There are plenty of weird objects in our solar system, but the newly discovered trans-Neptunian object (TNO) Niku might be one of the weirdest.
It’s not the composition of Niku that makes it strange. It seems to be a chunk of ice about 124 miles (200 km) in diameter, placing it at the lower threshhold of objects that might be considered dwarf planets. There are plenty of objects its size and its composition out in the Kuiper Belt and beyond.
No, the really weird thing about Niku is that it’s far, far, far above the ecliptic — the sort of “plane” of the solar system on which the planets lie, with the Earth considered at the 0 degree point on the ecliptic. So how far is Niku above it? 110 degrees. In other words, it’s so far above it that it has entered a retrograde orbit.
The most inclined of the planets is Mercury, at 7 degrees above the ecliptic. Dwarf planets Pluto and Eris are 17 degrees and 44 degrees above it, with many dwarf planets falling in that range. Many smaller solar system objects can be in inclined orbits, including asteroids and comets. But Niku is certainly one of the largest objects in such an orbit.
So, how did it get there?
That’s what astronomers are trying to figure out. In a New Scientist report, a number of possibilities are explored. But the object isn’t far out enough to fall into the Sedna family of objects that give a persuasive argument for a ninth planet out in the solar system. There are other, smaller objects in a similar orbit, so something likely tugged them there.

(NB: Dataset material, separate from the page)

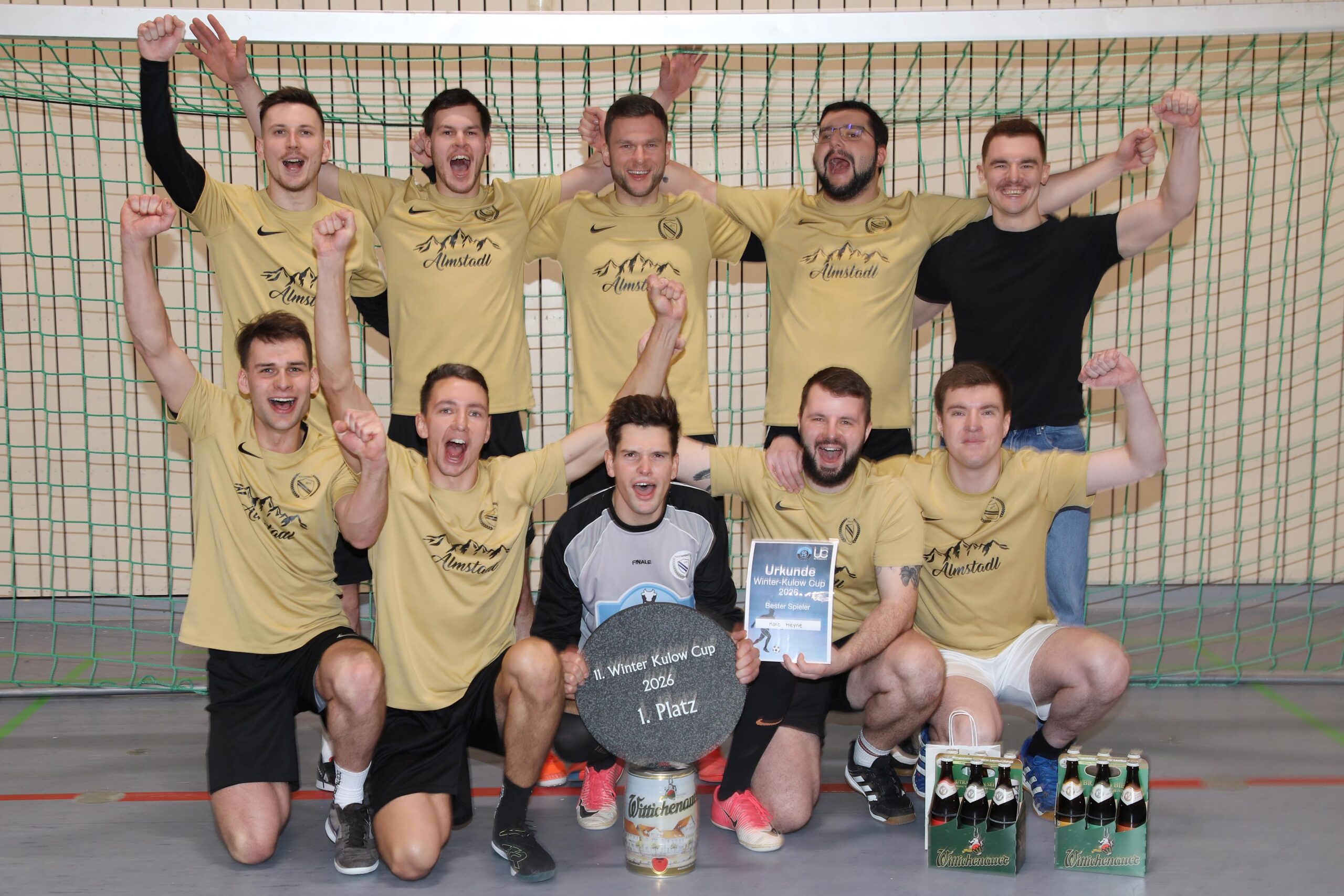 „Heute fand erneut der alljährliche Winter-Kulow-Cup statt, ausgetragen vom Jugendclub Kulow Section – und auch die 11. Auflage war ein voller Erfolg. Insgesamt acht Teams traten an und wurden in zwei Gruppen mit je vier Mannschaften eingeteilt. Die jeweils ersten beiden Teams jeder Gruppe qualifizierten sich für das Halbfinale und kämpften dort um den Einzug ins Finale. Am Ende standen sich Kulowminati und Gut Kickerz im Endspiel gegenüber. In einem spannenden Finale setzte sich Kulowminati mit einem 3:1-Sieg durch und sicherten sich verdient den Pokal. Insgesamt war es ein rundum gelungenes Turnier mit fairen Spielen, guter Stimmung und viel Teamgeist. Die Vorfreude auf den Winter-Kulow-Cup im nächsten Jahr ist jetzt schon groß“, so Marius Schäfer.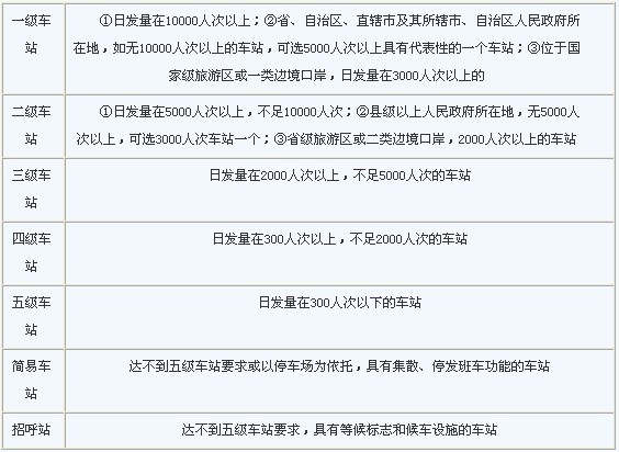 根据汽车客运站设施和设备配置情况、地理位置和设计年度平均日旅客发送量(日发量)等因素,将车站等级划分为五个级别以及简易车站和招呼站。

But whatever it is, it isn’t making itself very apparent. The object, detected by the Pan-STARRS 1 survey, instead remains an oddity, and a mystery in search of an answer. For right now, they’re just calling the influencer an “unknown mechanism” in a pre-print released on Arxiv. The answer may require finding more and more objects just like it — if there’s an easy to find answer at all.